Patients in Auckland's cluster are being hospitalised at twice the rate of other Covid-19 cases in New Zealand - and its specific impact on Māori and Pasifika people is likely a major factor.
A Herald analysis found 18 of the 152 cases in the cluster have resulted in hospitalisation - about 12 per cent of cases so far.
Outside the cluster, 5.8 per cent of patients have been hospitalised - 93 out of 1609.
There are still nearly 73 active cases in the cluster, which could mean more patients may require hospital care.
The difference in the need for intensive care unit level (ICU) treatment is even more stark.
So far, five patients from the cluster have needed ICU treatment - compared with 10 other Covid-19 patients.
That meant 3.3 per cent of patients in the cluster have needed ICU treatment, compared with 0.6 per cent for all other cases.
When ICU treatment was considered as a fraction of hospitalisations, 27 per cent of Auckland cluster hospitalisations have required that level of care - compared with only 10 per cent of the rest of New Zealand's Covid-19 hospital cases.
The Ministry of Health is yet to provide a full breakdown of ethnicities of those in the cluster who have been hospitalised.
But it's known that 61 per cent of cases in the cluster are among people of Pacific ethnicities and 21 per cent are among Māori.
Outside the cluster, just 5 per cent of cases have been among Pacific peoples and 8 per cent among Māori.
Today, director general of health Dr Ashley Bloomfield said cases in the latest cluster were comparatively older than cases earlier in the year.
But he added the predominant ethnicities were Māori and Pasifika - groups which tended to have higher rates of pre-existing conditions, and higher hospitalisation rates.
"That will be a major contribution."
University of Otago epidemiologist Professor Nick Wilson agreed the ethnic make-up of the cluster partly explained the extra hospitalisations.
"The first outbreak in New Zealand mostly affected younger returning travellers - the median age group was 20 to 29," he said.
"They had very low levels of chronic conditions, and of course are protected by being young."
It comes after a study by Te Punaha Matatini modellers, published in today's New Zealand Medical Journal, found Māori were 50 per cent more likely to die from Covid-19 than Pākehā.

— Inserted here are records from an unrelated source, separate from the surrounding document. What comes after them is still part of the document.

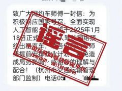央视新闻中新网9月13日电 据杭州市交通运输局官方微信消息,杭州市交通运输局13日发布辟谣信息: 今日,网传一则冒用杭州交通运输部门名义发送的虚假信息,内容为【致广大网约车师傅一封信:为积极响应国家号召,全面实现人工智能;我市将于2025年1月18日正式投放无人驾驶网络预约出租汽车,请各位网约车师傅提前安排就业计划,避免造成局势影响,感谢您的理解与配合!(杭州市交通运输部门监制)电话12328】。 经查,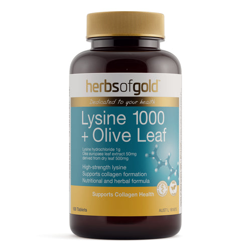 Lysine 1000 + Olive Leaf contains 1000mg of the amino acid lysine plus a standardised extract of Olive leaf.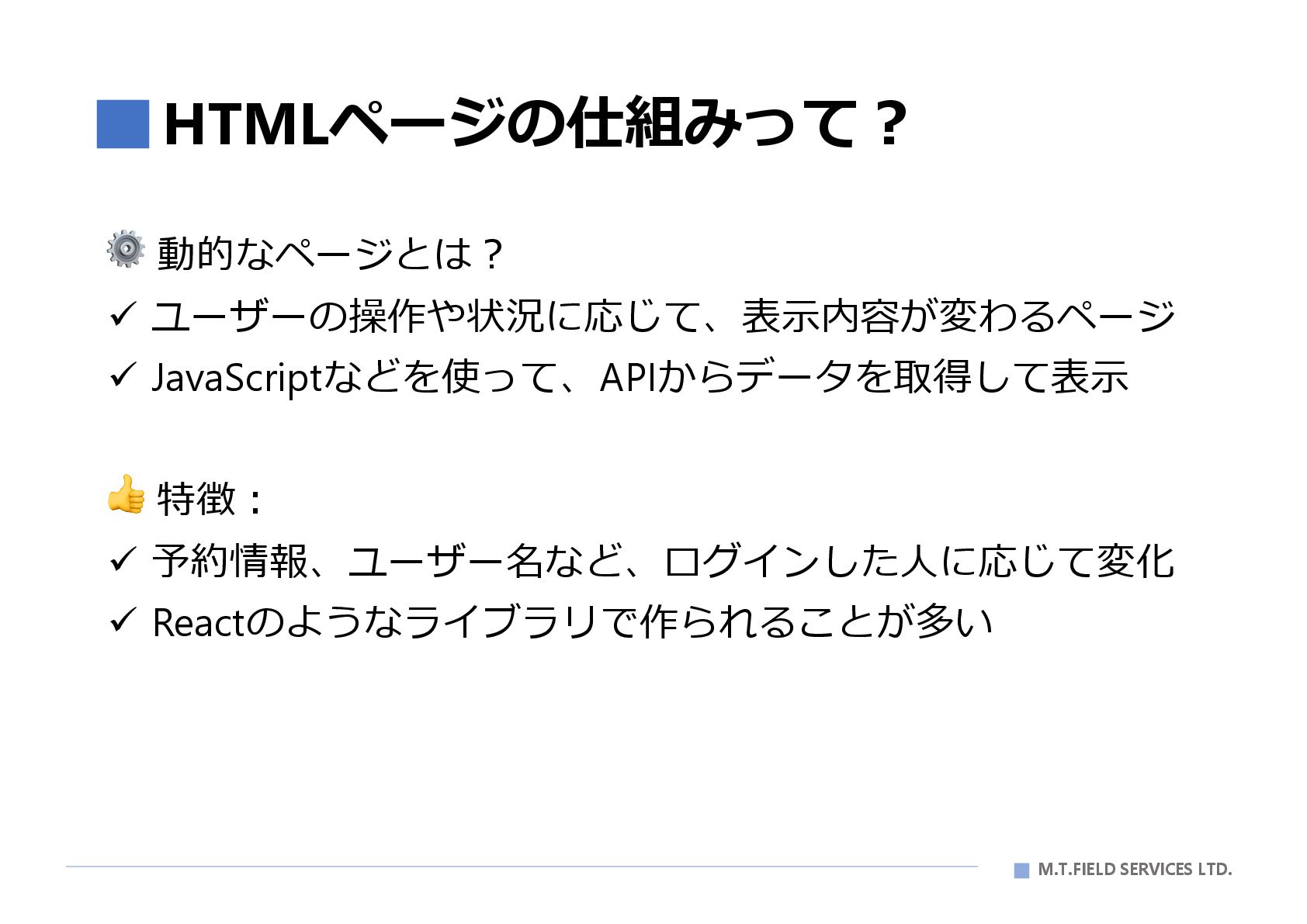 M.T.FIELD SERVICES LTD. HTMLページの仕組みって︖ ⚙ 動的なページとは︖ ü ユーザーの操作や状況に応じて、表⽰内容が変わるページ ü JavaScriptなどを使って、APIからデータを取得して表⽰

The researchers singled out factors such as Māori living with more multiple underlying health conditions, and structural disadvantages that lifted hospitalisation rates.
Māori were also at greater risk of exposure because of higher involvement in high-risk occupations and environments and larger social networks.
Study co-author and University of Canterbury mathematician Professor Michael Plank said the trends were "extremely sobering but unfortunately not surprising".
"Covid-19 produces a very wide spectrum of outcomes from very mild symptoms to fatality," he said.
"The evidence now shows that Māori and Pasifika are at higher risk of experiencing more severe illness from Covid-19 right across this spectrum."
Bloomfield said this was one of the key drivers in the ministry's decision-making about responding to the first outbreak earlier this year.
It was a "known issue" and had been identified through the Health and Disability System Review, he said, and the sector was now working to address it.